To facilitate this mode of operation, event message network 220 transmits event messages between the test instruments and the shared event coordinator 218. Any occurrence of significance in test system 300 or the DUT may be considered as an "event". For example, an initial "power up" of the DUT may be defined by system 300 as a "power up event", or when a test instrument determines that the DUT has generated a responsive signal that matches a particular desired pattern, the test instrument may declare that a particular "measurement event" has occurred.
In preferred modes of operation of system 300, each event message transmitted by event message network 220 indicates that a particular event has occurred. Each event message preferably includes an event component that indicates which event has occurred, and a timestamp component that indicates when the event occurred. Each event message may also include additional components that indicate particular features or parameters of the event (e.g., a voltage or a current level of a responsive signal).
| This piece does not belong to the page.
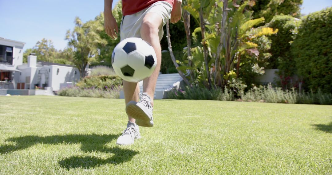 Scene captures feet of young athlete expertly juggling soccer ball in lush garden under bright sun. Image perfect for sports-focused content, training guides, or advertisements promoting outdoor fitness and leisure activities.

In operation, one of the test instruments may be configured to observe the occurrence of a particular event and to inform other test instruments when that particular event occurs. For example, if the ith test instrument TINi is configured to monitor a particular measurement event, say event "x", then the local measurement portion LMPi observes the DUT at preselected scheduled times to determine whether event x has occurred. When the local measurement portion LMPi detects the occurrence of event x then the local measurement portion LMPi applies an output signal to the local timestamp generator LTSGi and thereby indicates to the local timestamp generator LSTGi that event x has occurred. In response to this output signal, the local timestamp generator LTSGi generates a timestamp by recording, or "capturing", the current value of the local timestamp signal LTSSi. The local timestamp generator LTSGi then applies an output signal to the local event message generator LEMGi and thereby indicates to the local event message generator LEMGi that event x has occurred at a time that is represented by the recorded timestamp. The local event message generator LEMGi then generates an event message and applies this event message to the event message network 220. The event message preferably includes an event component stating that event x has occurred and a timestamp component indicative of the timestamp recorded by the local timestamp generator LTSGi. When calibration values are available, the timestamp in the event message may be corrected to reflect the event time in the frame of reference of the DUT.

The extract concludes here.